[petsc-users] Error - Out of memory. This could be due to allocating too large an object or bleeding by not properly ...
Barry Smith
bsmith at mcs.anl.gov
Tue Mar 1 23:00:56 CST 2016
> On Mar 1, 2016, at 10:19 PM, TAY wee-beng <zonexo at gmail.com> wrote:
>
>
> On 26/2/2016 9:21 PM, Barry Smith wrote:
>>> On Feb 26, 2016, at 1:14 AM, TAY wee-beng <zonexo at gmail.com>
>>> wrote:
>>>
>>>
>>> On 26/2/2016 1:56 AM, Barry Smith wrote:
>>>
>>>> Run a much smaller problem for a few time steps, making sure you free all the objects at the end, with the option -malloc_dump this will print all the memory that was not freed and hopefully help you track down which objects you forgot to free.
>>>>
>>>> Barry
>>>>
>>> Hi,
>>>
>>> I run a smaller problem and lots of things are shown in the log. How can I know which exactly are not freed from the memory?
>>>
>> Everything in in the log represents unfreed memory. You need to hunt through all the objects you create and make sure you destroy all of them.
>>
>> Barry
>>
> Hi,
>
> I have some questions.
>
> [0]Total space allocated 2274656 bytes
> [ 0]16 bytes PetscStrallocpy() line 188 in /home/wtay/Codes/petsc-3.6.3/src/sys/utils/str.c
> [ 0]624 bytes ISLocalToGlobalMappingCreate() line 270 in /home/wtay/Codes/petsc-3.6.3/src/vec/is/utils/isltog.c
> [ 0]16 bytes VecScatterCreateCommon_PtoS() line 2655 in /home/wtay/Codes/petsc-3.6.3/src/vec/vec/utils/vpscat.c
> [ 0]16 bytes VecScatterCreateCommon_PtoS() line 2654 in /home/wtay/Codes/petsc-3.6.3/src/vec/vec/utils/vpscat.c
> [ 0]1440 bytes VecScatterCreate_PtoS() line 2463 in /home/wtay/Codes/petsc-3.6.3/src/vec/vec/utils/vpscat.c
> [ 0]1440 bytes VecScatterCreate_PtoS() line 2462 in /home/wtay/Codes/
>
> 1. What does the [0] means? I get from [0] to [23]?

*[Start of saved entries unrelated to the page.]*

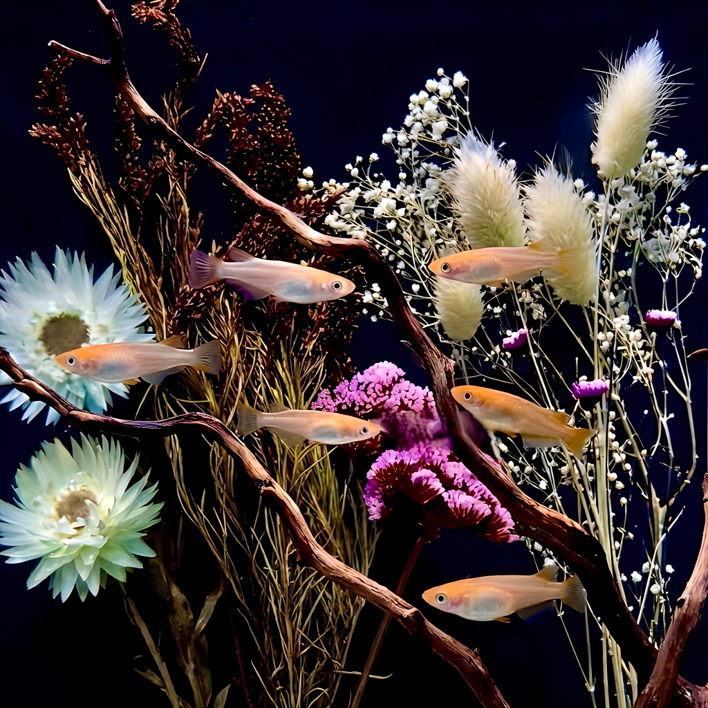💎 独自の革新技術「水景用フラワーオブジェ」 特殊なクリアコーティング技術により、ドライフラワーを最も美しい瞬間のまま封入。 水を汚さず、メンテナンスフリーで**「永遠の美」**を保ちます。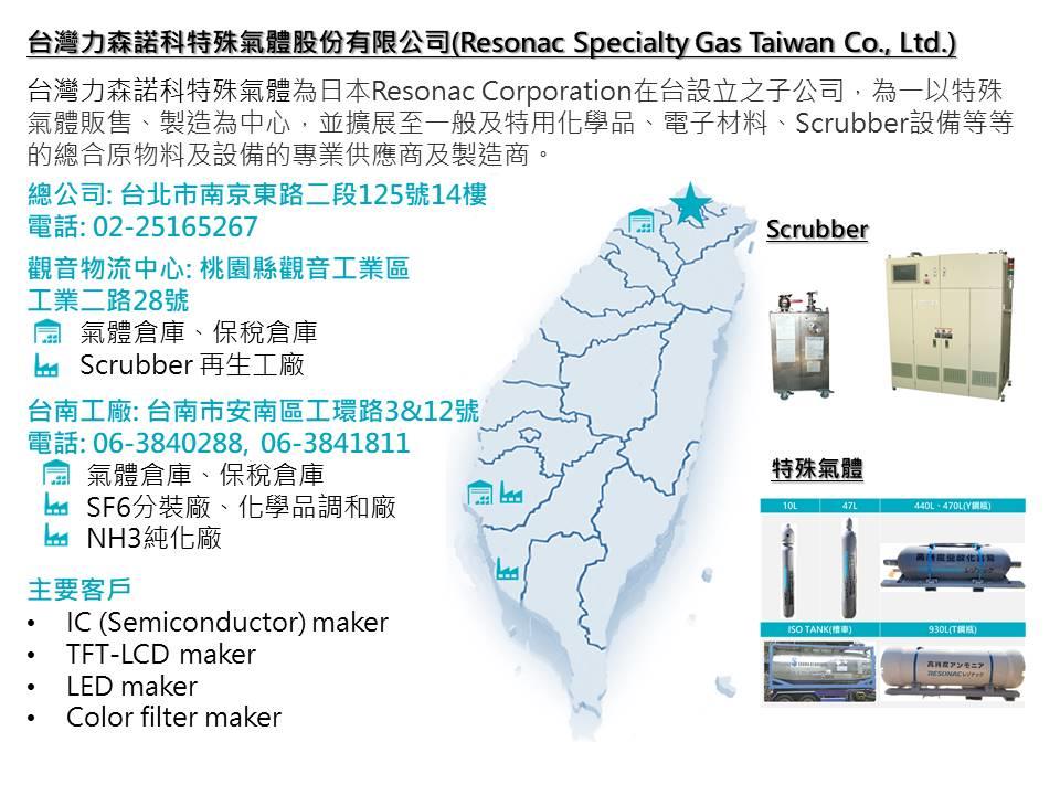 昭和特殊氣體為日本昭和電工在台設立之子公司,為一以特殊氣體販售、製造為中心,並擴展至一般及特用化學品、電子材料、Scrubber設備等等的總合原物料及設備的專業供應商及製造商。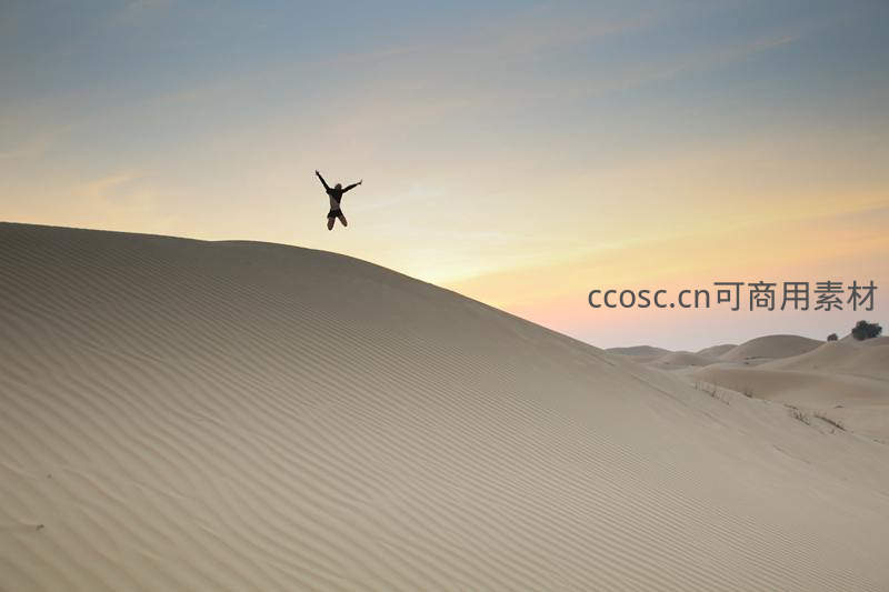 在绚丽的日落余晖下,一个人的剪影高高跃起在巨大的沙丘顶端,双臂张开,仿佛拥抱自由,身后是渐变色彩的天空和无垠的沙海。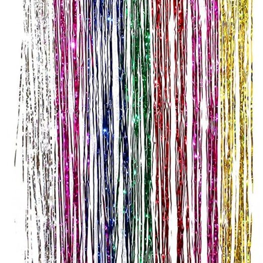 Tytroy Shimmer Door Curtains Fringe Metallic Foil Tinsel Packs 3×8 (1, Rainbow)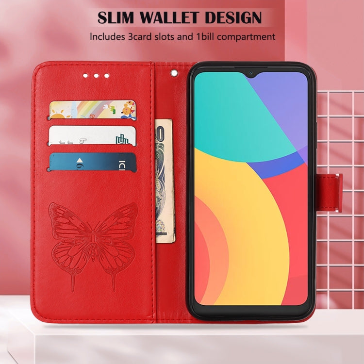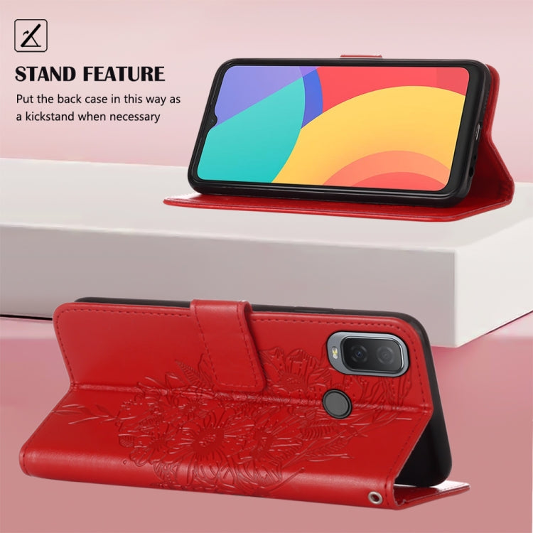 For Alcatel 1L 2021 Embossed Butterfly Leather Phone Case(Red)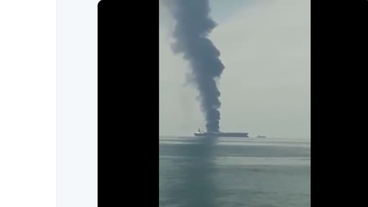 "Нефтяной танкер горит у побережья Шарджи в Объединенных Арабских Эмиратах" - передал молнию канал и показал видео пожара.
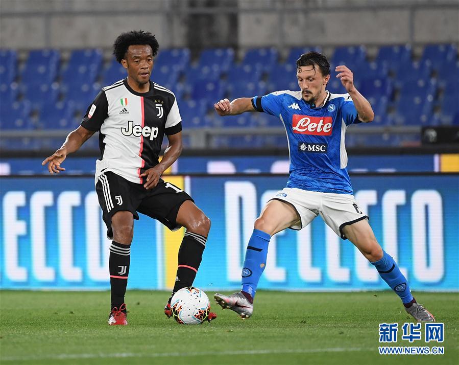 6月17日,那不勒斯队球员马里奥·鲁伊(右)在比赛中和尤文图斯队球员夸德拉多拼抢。 当日,在意大利罗马举行的2019-2020赛季意大利杯决赛中,那不勒斯队与尤文图斯队在90分钟内战成0比0平,经过点球大战,那不勒斯队以4比2获胜,夺得冠军。 新华社发(奥古斯托·卡萨索利摄)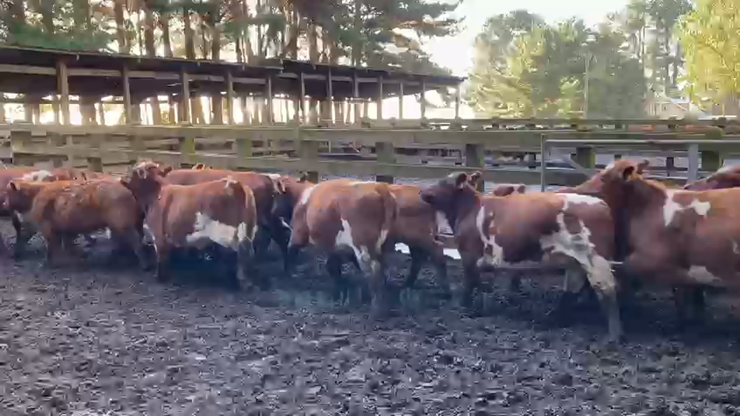 Terneras de muy buena calidad, predio Pabco A. Angus rojo y clavelas. Dentro del lote van 5 terneras doble pulpas. pesaje en el fundo con destara de 1% x cada 100 kg. Se adjunta foto de toro que es padre de un % de las terneras. Crianza de Leonardo García.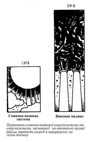 Якщо ми будемо вимірювати його галонами або літрами, як ми це робимо зі звичайним пальним, тоді водень, отриманий з використанням гідроелектроенергії, виявиться найдешевшим із усіх палив, зрозуміло, з урахуванням усіх витрат і високої ефективності водню як палива – 1,05 дол. за умовний галон палива (еквівалент галона бензину в цінах 1990 р.). Синтетичний газ виявиться більш ніж у 2 рази дорожчим – 2,39 дол., причому його ціна також перевершує (майже на 70 %) і вартість водню (1,41 дол. за галон), отриманого з використанням прямих і непрямих форм сонячної енергії, відмінних від гідроелектроенергії. Якщо розглянути рідкі палива, то водень від гідростанцій буде найдешевший – 1,31 дол., за ним іде водень з інших джерел сонячної енергії – 1,75 дол. Синтетичне паливо найдорожче – 3,43 дол., тобто в 2-2,5 рази дорожче за водень.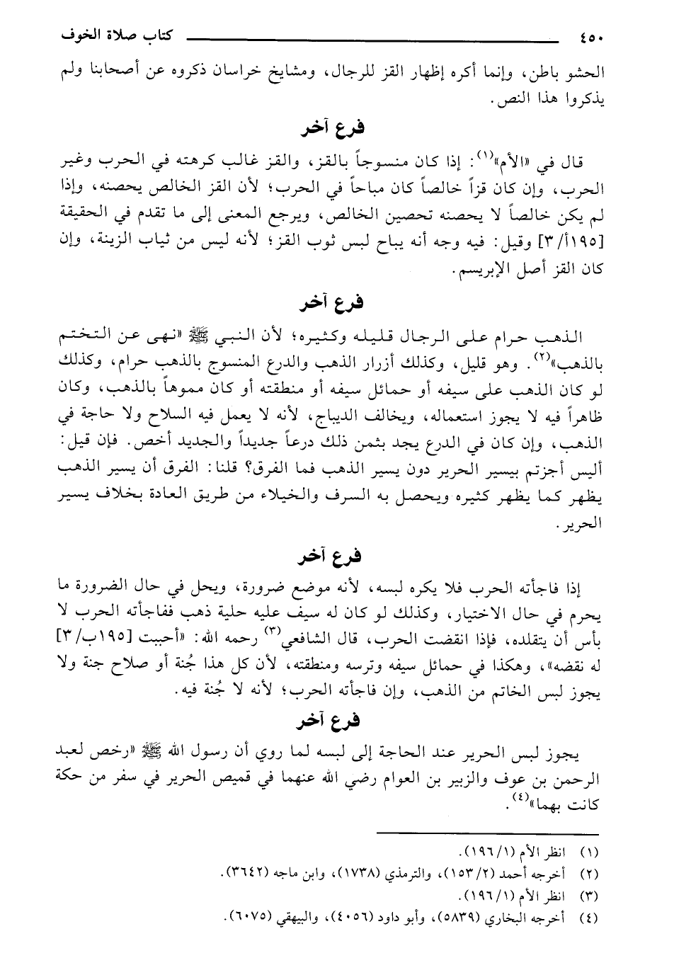 الذهب حرام على الرجال قليله وكثيره؛ لأن النبي - صلى الله عليه وسلم - "نهي عن التختم بالذهب". وهو قليل، وكذلك أزرار الذهب والدرع المنسوج بالذهب حرام، وكذلك لو كان الذهب على سيفه أو حمائل سيفه أو منطقته أو كان مموهاً بالذهب، وكان ظاهراً فيه لا يجوز استعماله، ويخالف الديباج، لأنه لا يعمل فيه السلاح ولا حاجة في الذهب، وان كان في الدرع يجد بثمن ذلك درعاً جديداً والجديد أخص. فإن قيل: أليس أجزتم بيسير الحرير دون يسير الذهب فما الفرق؟ قلنا: الفرق أن يسير الذهب يظهر كما يظهر كثيره ويحصل به السرف والخيلاء من طريق العادة بخلاف يسير الحرير.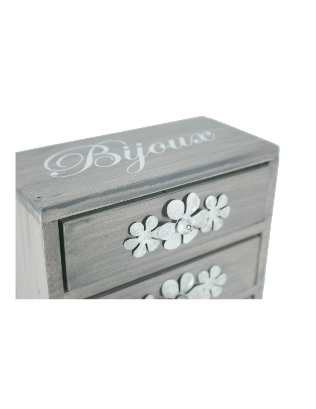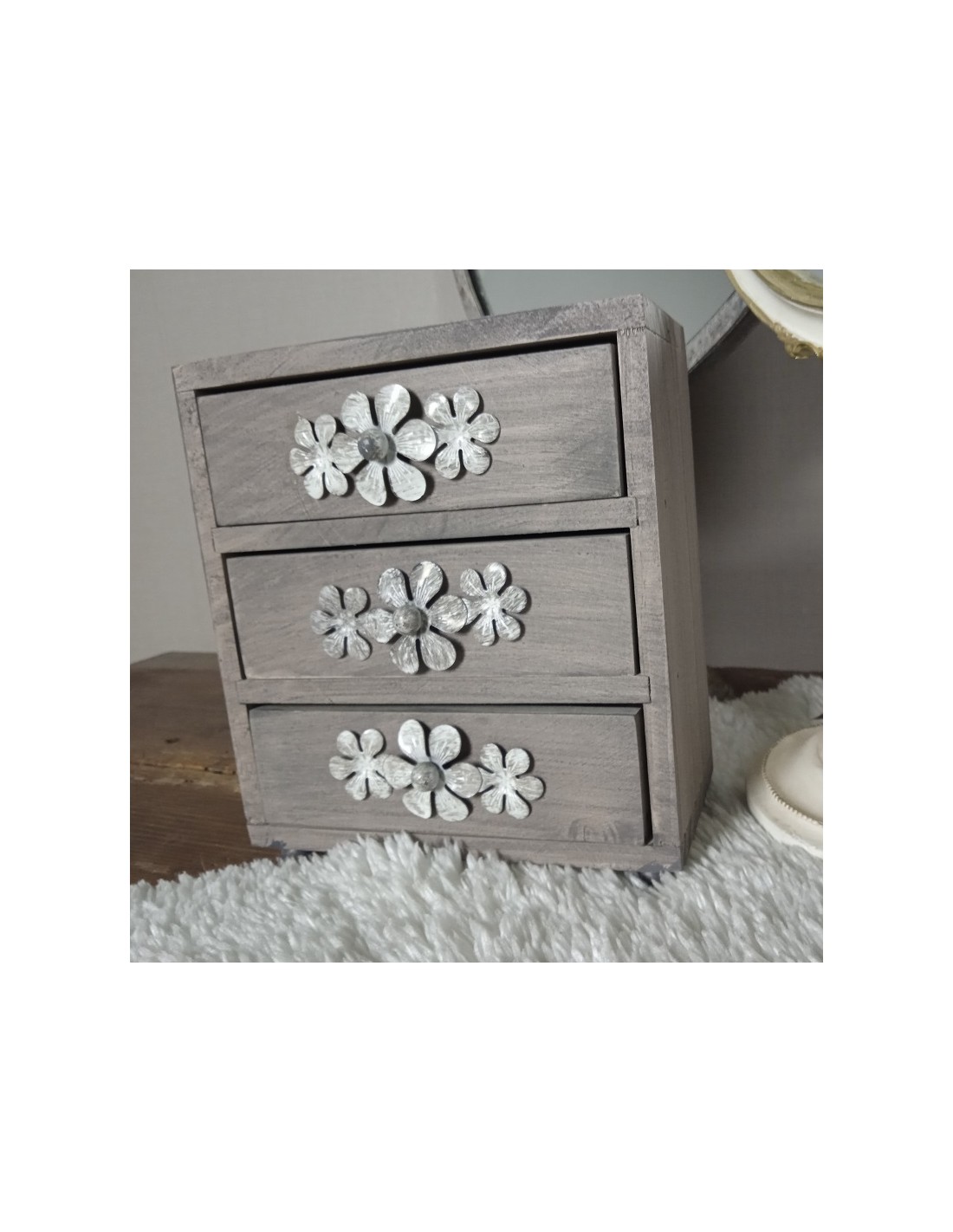 Bonita caja joyero en forma de mini cómoda con tres cajones de madera maciza con tiradores de metal tipo flores. Un lugar perfecto y decorativo para guardar pequeños recuerdos y un regalo ideal.

It is the MPI process reporting the memory usage
>
> 2. I defined a variable globally:
>
> DM da_cu_types
>
> Then I use at each time step:
>
> call DMDACreate3d(MPI_COMM_WORLD,DM_BOUNDARY_NONE,DM_BOUNDARY_NONE,DM_BOUNDARY_NONE,DMDA_STENCIL_STAR,(IIB_I_end_domain(1) - IIB_I_sta_domain(1) + 1),(IIB_I_end_domain(2) - IIB_I_sta_domain(2) + 1),&
>
> (IIB_I_end_domain(3) - IIB_I_sta_domain(3) + 1),PETSC_DECIDE,PETSC_DECIDE,PETSC_DECIDE,1,stencil_width_IIB,PETSC_NULL_INTEGER,PETSC_NULL_INTEGER,PETSC_NULL_INTEGER,da_cu_types,ierr)
>
> call DMDAGetInfo(da_cu_types,PETSC_NULL_INTEGER,PETSC_NULL_INTEGER,PETSC_NULL_INTEGER,PETSC_NULL_INTEGER,num_procs_xyz_IIB(1),num_procs_xyz_IIB(2),num_procs_xyz_IIB(3),&
>
> PETSC_NULL_INTEGER,PETSC_NULL_INTEGER,PETSC_NULL_INTEGER,PETSC_NULL_INTEGER,PETSC_NULL_INTEGER,PETSC_NULL_INTEGER,ierr)
>
> call DMDAGetCorners(da_cu_types,start_ijk_IIB(1),start_ijk_IIB(2),start_ijk_IIB(3),width_ijk_IIB(1),width_ijk_IIB(2),width_ijk_IIB(3),ierr)
>
> call DMDAGetGhostCorners(da_cu_types,start_ijk_ghost_IIB(1),start_ijk_ghost_IIB(2),start_ijk_ghost_IIB(3),width_ijk_ghost_IIB(1),width_ijk_ghost_IIB(2),width_ijk_ghost_IIB(3),ierr)
>
> The purpose is just to get the starting and ending inidices for each cpu partition. This is done every time step for a moving body case since the IIB_I_sta_domain and IIB_I_end_domain changes
>
> After getting all the info, must I call DMDestroy(da_cu_types,ierr)?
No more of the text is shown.